DATA:

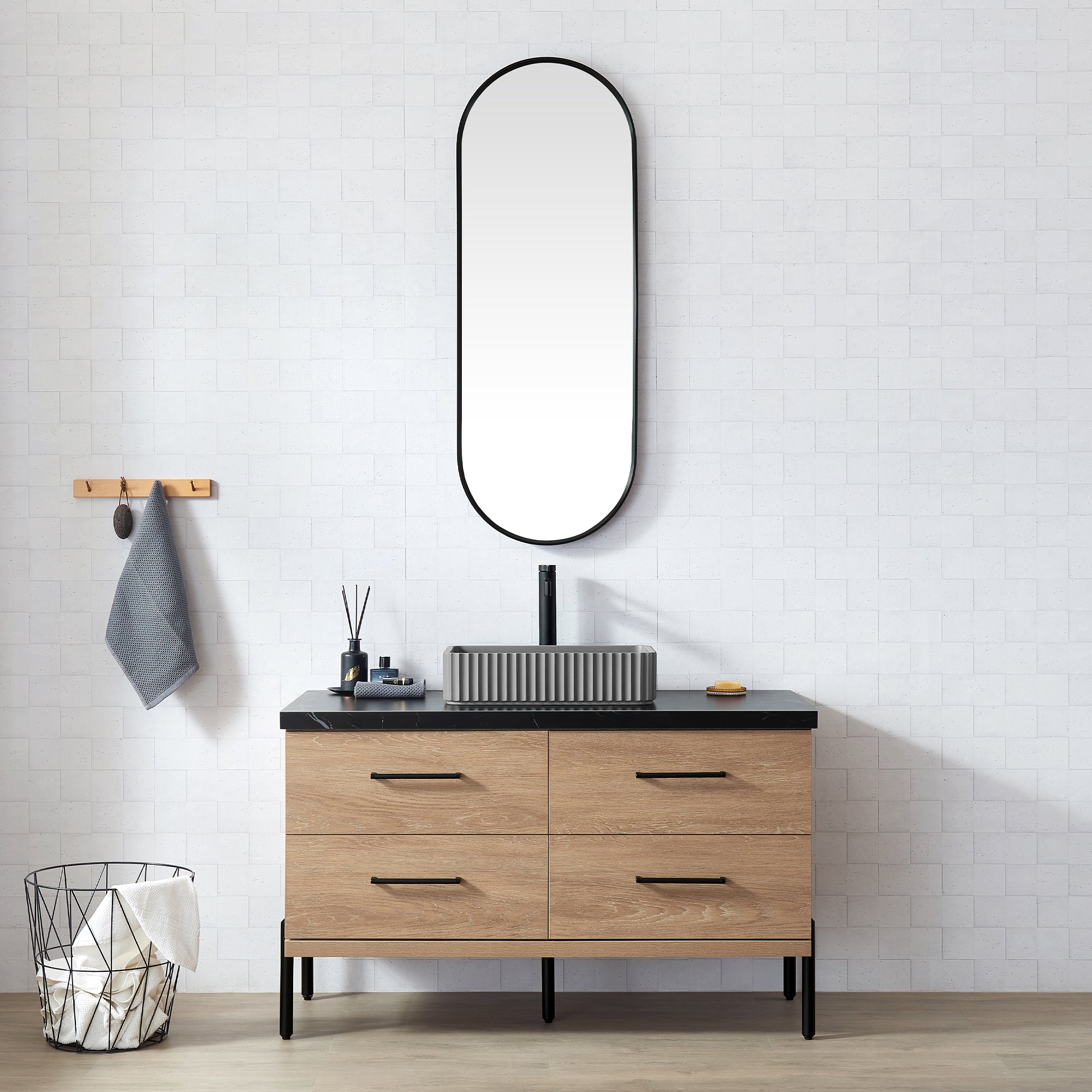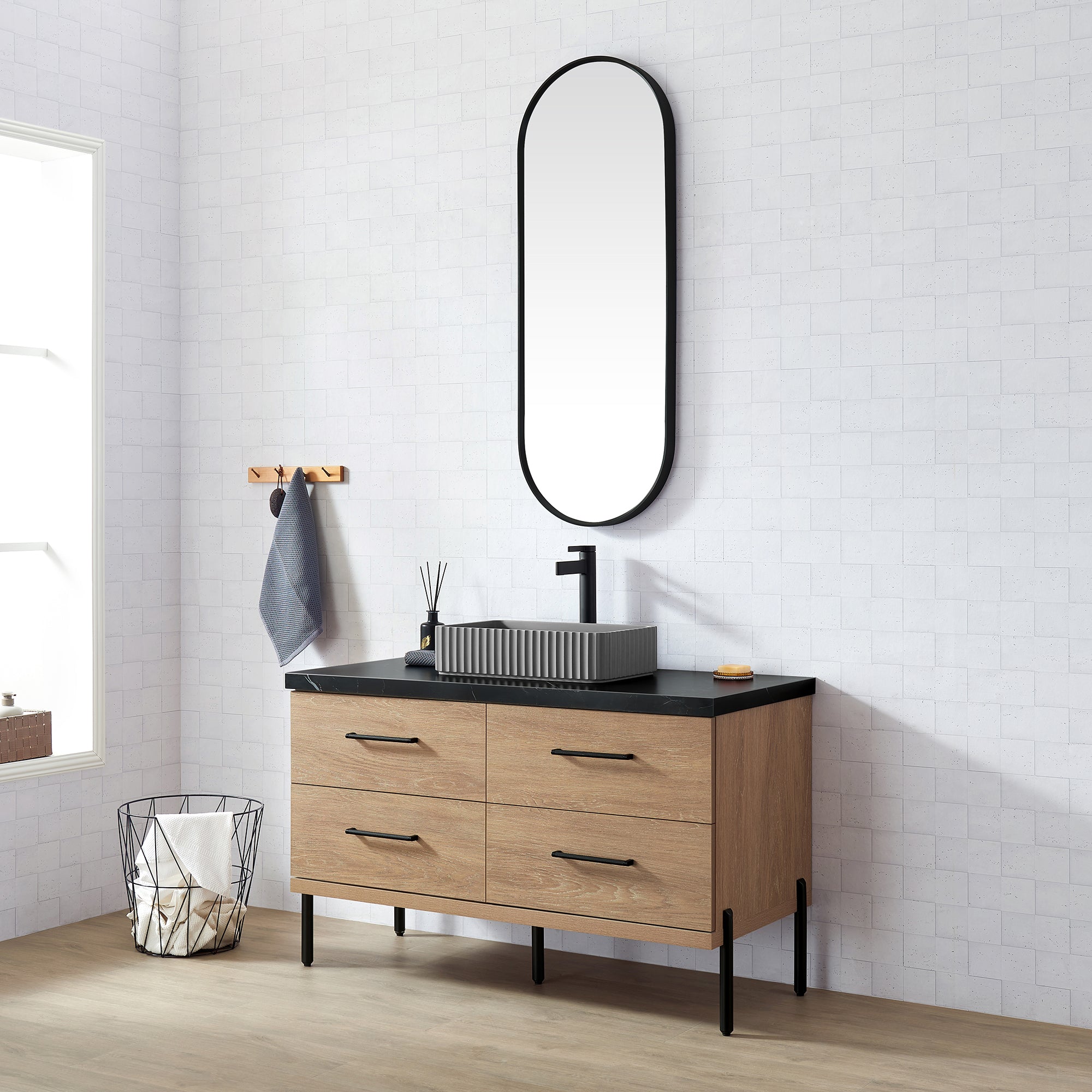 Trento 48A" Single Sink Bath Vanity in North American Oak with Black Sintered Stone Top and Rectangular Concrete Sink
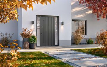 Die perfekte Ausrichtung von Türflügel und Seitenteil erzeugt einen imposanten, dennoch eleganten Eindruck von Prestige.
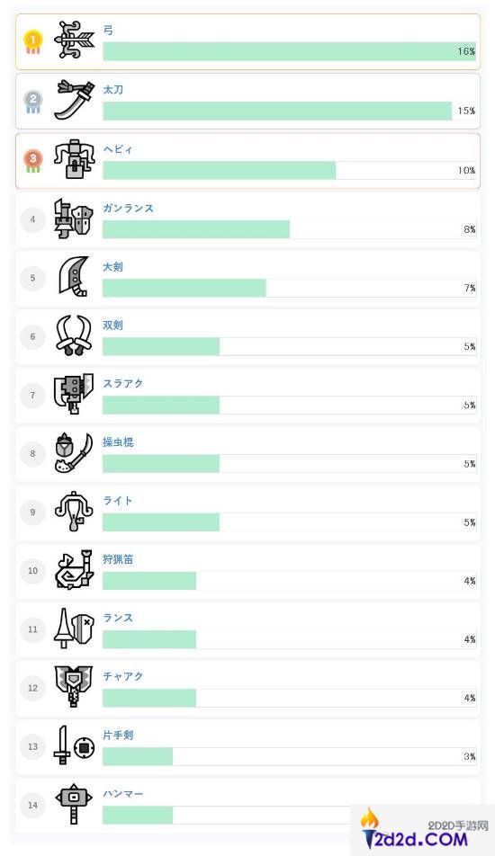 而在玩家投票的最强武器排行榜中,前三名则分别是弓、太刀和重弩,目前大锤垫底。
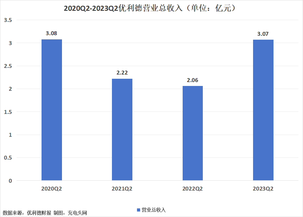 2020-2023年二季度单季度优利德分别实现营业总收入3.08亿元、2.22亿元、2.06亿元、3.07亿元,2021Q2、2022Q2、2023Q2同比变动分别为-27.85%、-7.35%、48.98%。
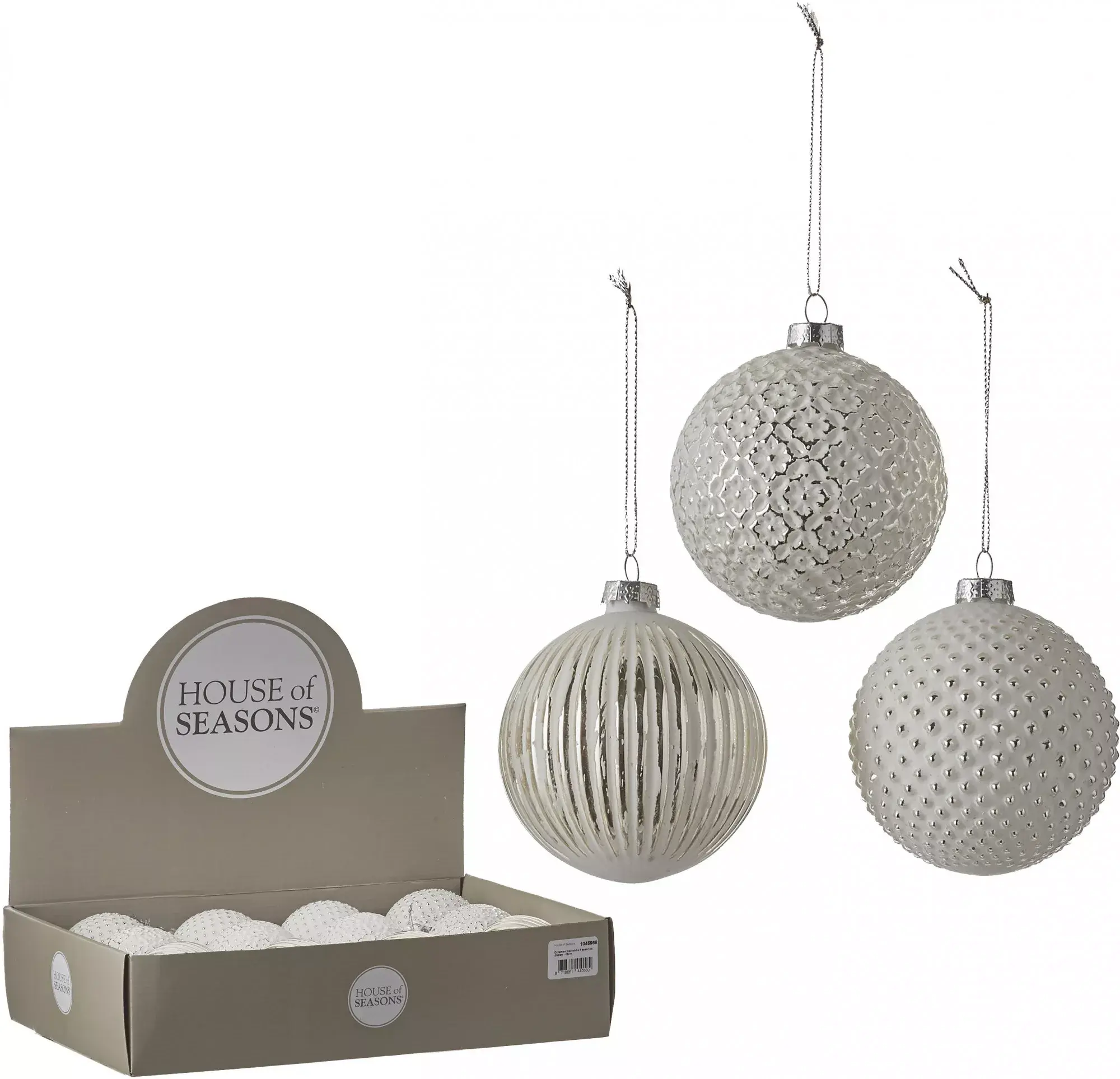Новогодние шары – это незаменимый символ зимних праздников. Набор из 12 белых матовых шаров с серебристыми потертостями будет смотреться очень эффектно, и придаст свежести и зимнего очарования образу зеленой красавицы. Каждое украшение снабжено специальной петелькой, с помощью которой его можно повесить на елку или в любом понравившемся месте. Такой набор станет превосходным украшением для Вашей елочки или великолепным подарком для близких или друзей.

TASK GOAL:
The lines from the top of the data above through the one holding "2020-2023年二季度单" are to be repeated exactly, and only those, with no pictures.

TASK OUTPUT:
 Trento 48A" Single Sink Bath Vanity in North American Oak with Black Sintered Stone Top and Rectangular Concrete Sink
 Die perfekte Ausrichtung von Türflügel und Seitenteil erzeugt einen imposanten, dennoch eleganten Eindruck von Prestige.
 而在玩家投票的最强武器排行榜中,前三名则分别是弓、太刀和重弩,目前大锤垫底。
 2020-2023年二季度单季度优利德分别实现营业总收入3.08亿元、2.22亿元、2.06亿元、3.07亿元,2021Q2、2022Q2、2023Q2同比变动分别为-27.85%、-7.35%、48.98%。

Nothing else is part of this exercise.